In this cohort, anosmia is more common, in about 40% of cases, than reported earlier.
The median number of symptoms was three and four in younger and older children, over the first week of illness. With long covid, just over 4% of children were reported to be affected for 28 days or more, with a median symptom burden of six during the first week and eight at any time till recovery. This includes symptoms reported at least once over the corresponding time periods.
Most complained of tiredness, headache, loss of smell and sore throat. By day 28, the median symptom burden was only two and three in younger and older children, respectively.
For children with symptoms persisting at 56 days, similar symptom burdens were seen in the first week and until 56 days. Most children complained of loss of smell, headache, sore throat and tiredness.
Symptoms of long COVID at 28 days were more likely in older children, but at 56 days, there was no such observable difference. Overall, the most common symptoms were of headache, tiredness, but dizziness, confusion, drowsiness were also present in up to one in seven children. Fatigue was observed at some point in 85% of children, just as in adults, where it is typically the most common symptom.
Compared to children with similar symptoms but with a negative COVID-19 test, long COVID was reported in less than 1%, and older children symptomatic at 56 days had a relatively larger symptom burden throughout, when compared to those with symptoms at 28 days.
The study shows that children with COVID-19 typically recover after a short symptomatic period, and that long COVID is uncommon in this age group, affecting only about 4% and less than 2% at 28 and 56 days, respectively. Of the few who experience it, symptom burden grows less over time. Most are asymptomatic by eight weeks.

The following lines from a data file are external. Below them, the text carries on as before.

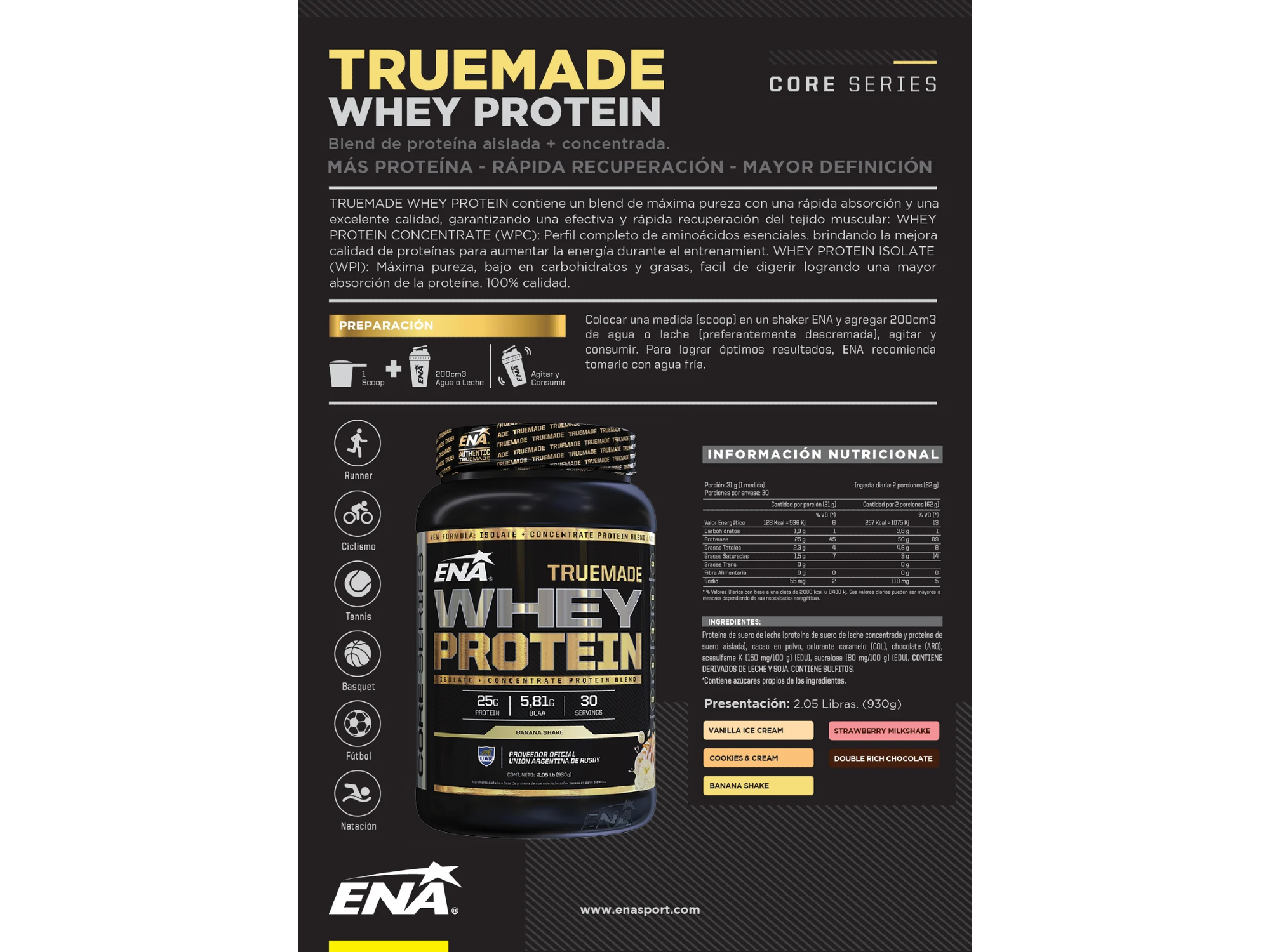 TRUE MADE Compartir Los precios no incluyen IVA Presentaciones Seleccioná una opción.Chocolate$58.000Cookies & Cream$58.000Frutilla$58.000Vainilla$58.000 Observaciones 0 / 150 Encontrá productos relacionados SUPLEMENTOS (36)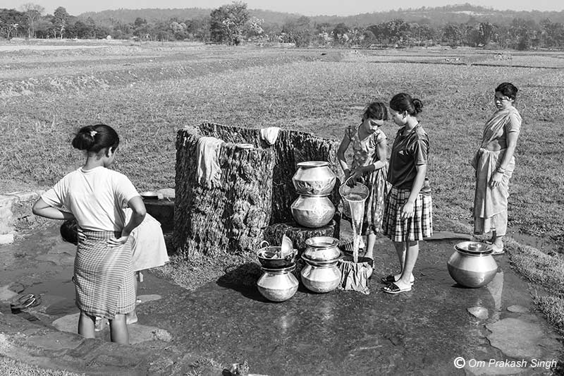 Preparing to collect drinking water from a spring-based traditional source located amidst distant paddy fields in Khunti district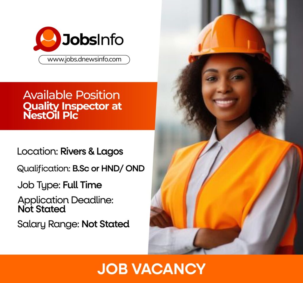 NestOil Plc is recruiting for the position of Quality Inspector (Graduate Level) to support its operational and quality assurance functions. The successful candidate will work across strategic business units, ensuring compliance with aviation and operational standards as required by regulatory bodies.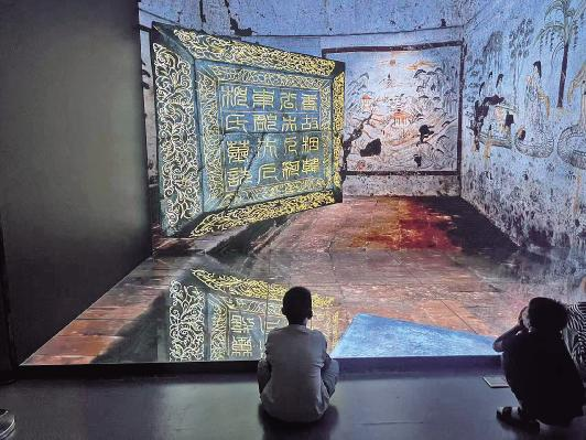 陕西考古博物馆出土壁画数字展厅运用数字影像技术,展示韩休墓壁画 梁飞燕/摄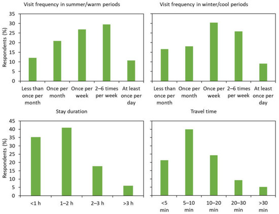 The park visit frequencies in summer-warm and winter-cool periods were similar (Figure 2). Overall, over 60% of the respondents were frequent visitors (at least once a week). Around one-tenth of the respondents visited the park daily. Most respondents spent less than 1 h (35.3%) or 1–2 h (40.9%) in the park per visit. Over 60% of the respondents took less than 10 min to travel to a park, and only 5.2% of respondents took over half an hour.

Headaches are reported in two-third of children in one study, and in a fifth of all children, it was severe enough to perturb normal activities. About 4% of children had disabling fatigue for more than a few days, and chronic fatigue syndrome was reported in 1% of children aged 11-16 years.
Some evidence suggests that shortness of breath, disturbances of smell, and digestive tract disturbances, are more common in children after COVID-19 than the flu. Problems with memory, attention or learning were not reported, neither were severe neurological symptoms.
The study covers 1-2% of all school-aged children who tested positive across the UK at this time. Another study by the UK Office for National Statistics (ONS) suggests that 10% of children between 2 and 11 years and 12 and 16 years, respectively, had persistent symptoms at five weeks. At 12 weeks, 7-8% still had symptoms.
When compared to the baseline figures for never-symptomatic, never-self-isolated, never-exposed to confirmed SARS-CoV-2 positive case, never-tested controls, the same symptoms were found to be prevalent in about 2% of 2-16-year-olds.
The symptom burden in long COVID is similar to that found in long illnesses due to other causes, and in most cases, requires only home-based care. However, proper follow-up is mandatory for all children with long-term sequelae following any illness. This data may help shape the allocation of healthcare resources to pediatric care in the UK in the pandemic era and onwards.
medRxiv publishes preliminary scientific reports that are not peer-reviewed and, therefore, should not be regarded as conclusive, guide clinical practice/health-related behavior, or treated as established information.